Sometimes, companies want employees to think like owners, and for good reason. With a vested interest in their work and the team’s success, employees are more motivated to perform at the highest level. They also focus on what’s best for the business rather than just themselves. But firing an employee with “skin in the game” can be a mess, as was the case in Dwyer v. Avo Construction LLC, Index No. 53784/2019.

In 2014, Avo Construction hired John Dwyer as its Director of Construction. According to Dwyer, the Company referred to him as a partner. Avo also offered Dwyer the opportunity to invest in projects. Soon after he started working for the Company, Dwyer made a $100,000 loan to an Avo-related entity working on a specific project.
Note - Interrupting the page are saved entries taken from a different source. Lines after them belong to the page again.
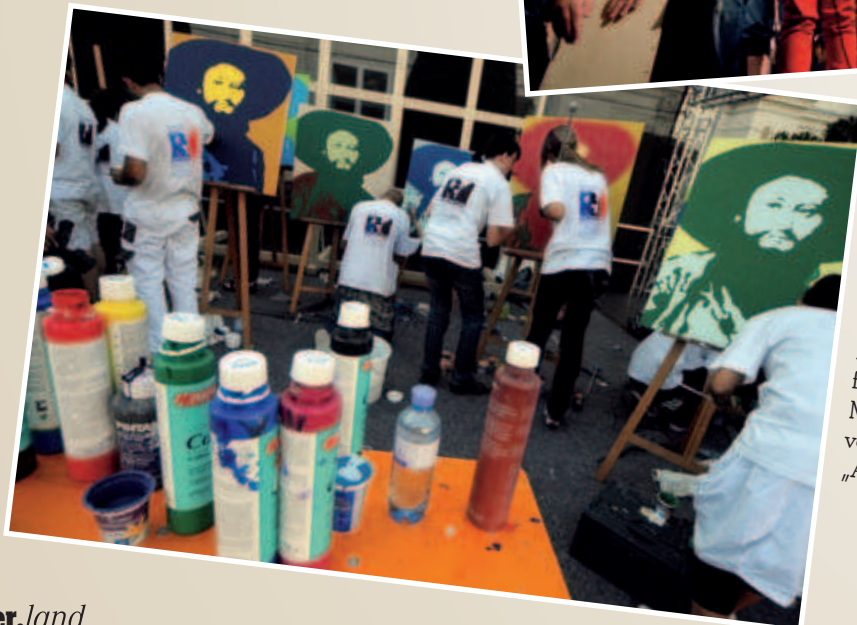
15 SchülerInnen der Tiroler Fachberufsschule für Bautechnik und Malerei, Absam, und der HTL Malerei, Innsbruck, erstellten Samstagnachmittag vor der Hofburg in Innsbruck gemeinsam ein „Andreas-Hofer-Porträt“.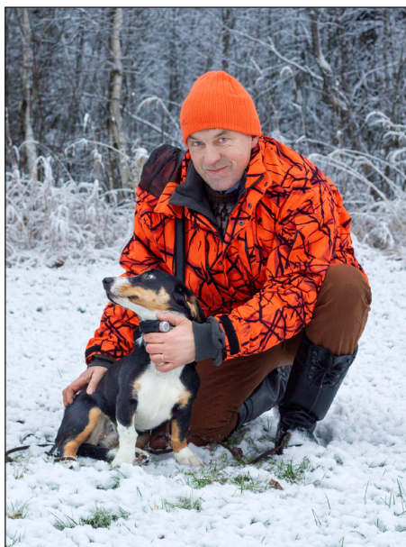
Vapaa-aikaan kuuluu metsällä kulke- mista Kerttu-koiran kanssa.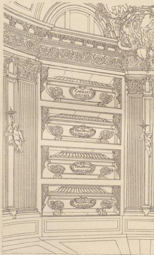
Fig. 147. Escorial. Wand vom Pantheon der Könige.

1611 begonnen und 1616 vollendet, ein ernstes einfaches Gebäude von kleinen Abmessungen, ohne Luxus; dann die Süd façade am alten königlichen Schlosse in Madrid und die Klosterkirche von San Gil. Letztere beiden Bauwerke existiren nicht mehr. Auch der Palast de la Panaderia (Bäckergewerk), auf der Plaza mayor zu Madrid, ist 1790 durch Brand untergegangen. Ausserdem von Juan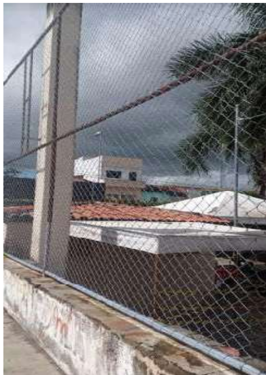
Foto 03 - Revisão das traves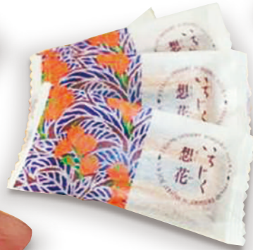
いちじく想花 Ichijiku Souka (baked sweet flavored with fig jam)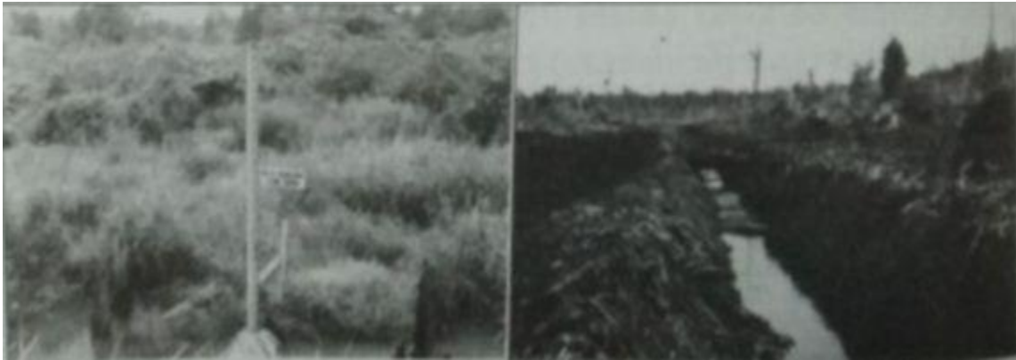
Gambar 1. Lahan gambut sebelum (kiri) dan setelah (kanan) direklamasi

Penyusutan volume yang irreversible menyebabkan hilangnya daya mengikat air serta meningkatkan sensitivitas terhadap erosi.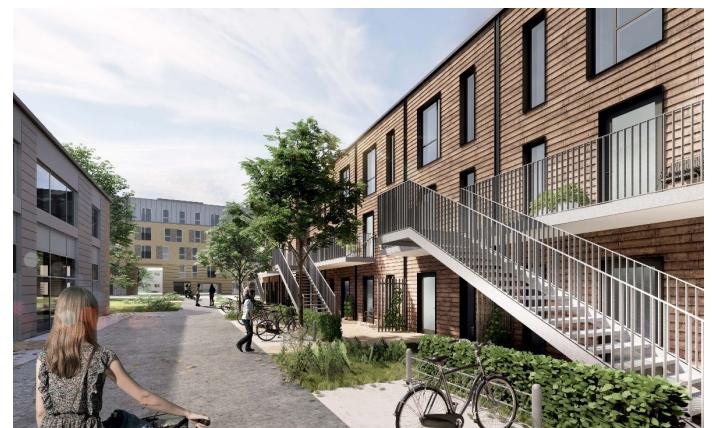
Visualisering nu Passagen langs kranhallen mod syd. Facader på rækkehuse tegnes med vertikale opdelinger, så at de fremstår som rækkehuse med en fin rytme og aftegning af den indre opdeling. Husene gives et begrønnet sadeltag.

The loan documents were signed by Elizabeth McDonald, Avo’s sole member, who also signed a personal guaranty.  Dwyer was repaid the principal, plus a 12% return. This was the first of four loans that Dwyer made to Avo projects from 2014 to 2018. Each time he received essentially the same loan documents and was repaid his principal investment with a 12% return.

Eventually, in November 2017, the Company asked Dwyer for money to help make payroll for projects. Over a ten-week period, Dwyer contributed $237,000. According to Dwyer, the Avo acknowledged and recorded the loans, and he provided the funds based on the parties’ prior loan experience. Even though, Dwyer says, he was told he would receive paperwork to memorialize these loans, just as he did with the others, and two other individuals working for the Company promised him orally and in writing that he would receive repayment with interest, no loan documents were signed. In January 2019, Avo fired Dwyer.
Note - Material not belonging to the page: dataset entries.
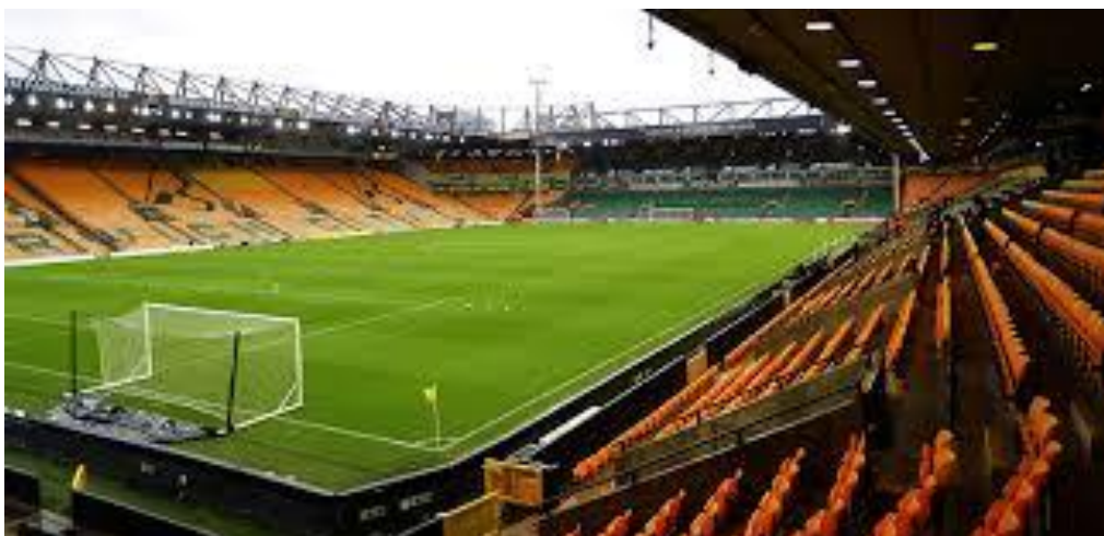
Carrow Road – Norwich City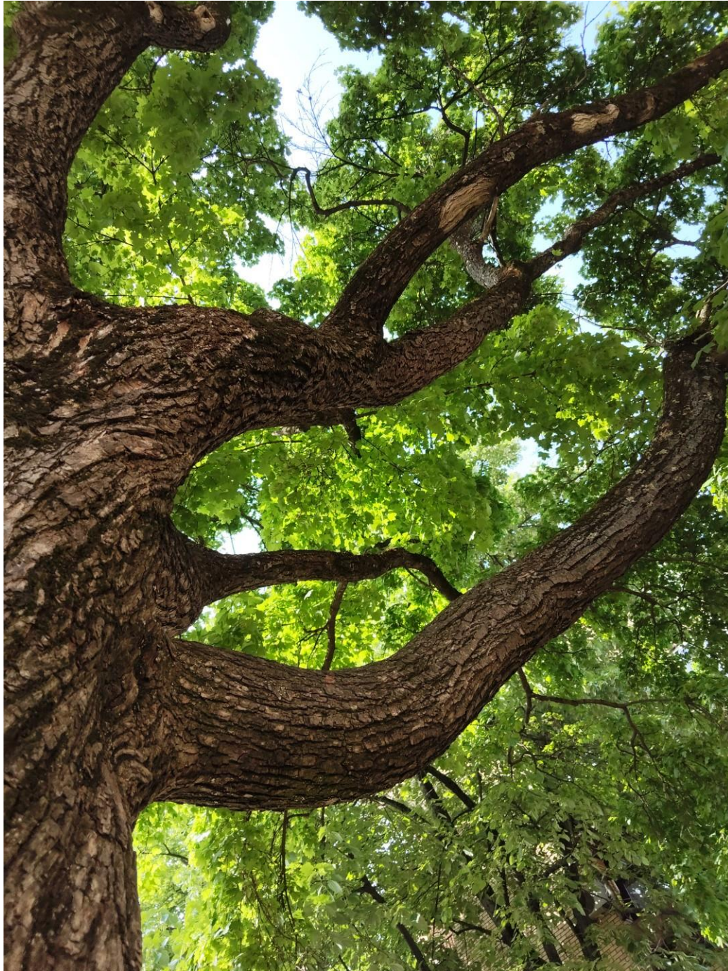
Lovro Majdandžić, OŠ „Mladost“ Osijek

(Bilo mlado ili staro, svako drvo dio je iste šume: 474 , Ovo nanosi boli našoj majci Prirodi: 243 )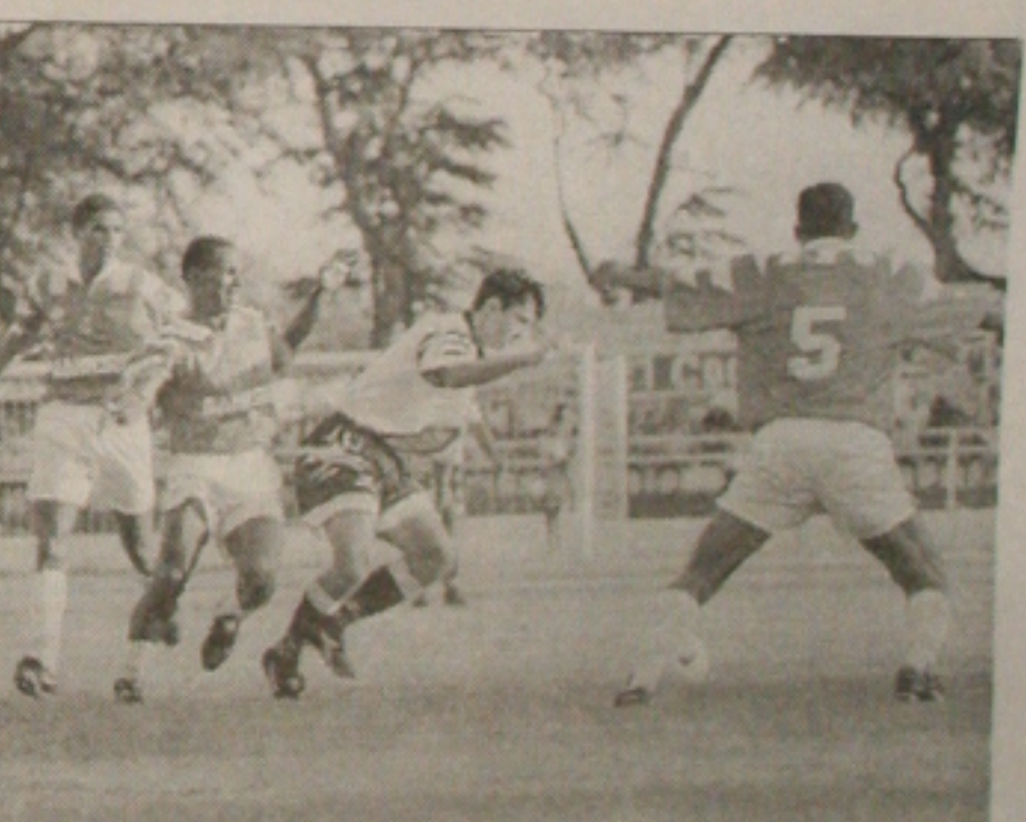
Sergipe busca hoje mais uma vitória contra a Ponte

Dwyer then sued Avo, McDonald, and the two others who promised he would get repaid.

Breach of Contract

Avo moved to dismiss Dwyer’s breach of contract claim, but Justice Walsh denied Avo’s motion based on Avo’s receipt of $237,000 from Dwyer and his allegation that Avo agreed to repay him on terms similar to those in the other loans he made to Avo. Justice Walsh, however, dismissed the breach of contract claim against the individuals because Dwyer did not allege that they agreed to be bound by the payroll loans in their personal capacities. Justice Walsh explained that, “[a] corporate officer may not be held personally liable merely because, while acting for the corporation, he made decisions and took steps that resulted in the corporation’s breaching its contract” (citations omitted). “In order to hold a corporate officer liable for inducing the corporation to breach its contract, it must be alleged and proved that the officer’s actions were taken outside the scope of employment, that the officer personally profited from the acts, or that the officer committed any independently tortious acts” (citations omitted).

Unjust Enrichment

Unjust enrichment claims are typically dismissed where there is a valid and enforceable contract between the parties. But here, Justice Walsh sustained this claim against Avo as not duplicative because “Avo is disputing that there was any agreement between the parties with regard to this loan” (citing, inter alia, First Class Concrete Corp. v. Rosenblum, 167 A.D.3d 989 (2d Dep’t 2018) (“[s]ince the defendants disputed the existence and enforceability of a contract covering the dispute at issue, the plaintiff was entitled to allege causes of action to recover for unjust enrichment and in quantum meruit as alternative theories of relief”)).

As against the individual defendants, Justice Walsh dismissed this claim “because Plaintiff has not alleged that the individual defendants were parties to the contracts and that they were individually enriched by Plaintiffs loan of $237,000 to Avo to meet its payroll” (citing Auguston v. Spry, 282 A.D.2d 489 (2d Dep’t 2001)).

Constructive Trust

Dwyer alleged that prior to his termination, he had been held out as an Avo partner and, thus, had additional rights under law and equity. He alleged that the parties’ agreements evidence a trust relationship engendering fiduciary duties to preserve and protect his interests and that because Defendants breached that duty and unjustly enriched themselves, the Court must impress a constructive trust on Avo’s assets. But the Court dismissed this claim because Dwyer did not sufficiently allege a confidential or fiduciary relationship between himself and Defendants. Justice Walsh held that, at most, Plaintiff alleged an employer-employee relationship, “which does not involve a confidential or fiduciary relationship” (citing Budet v. Tiffany & Co., 155 A.D.2d 408 (2d Dep’t 1989) (“an employer owes an employee at will no fiduciary duty”) (citation omitted)).

Takeaway: Companies can’t have their cake and eat it too. If they want employees to take a stake in the business, they must treat them as investors. If, instead, they view them as mere “at will” employees and fire them without returning their investments, litigation will ensue.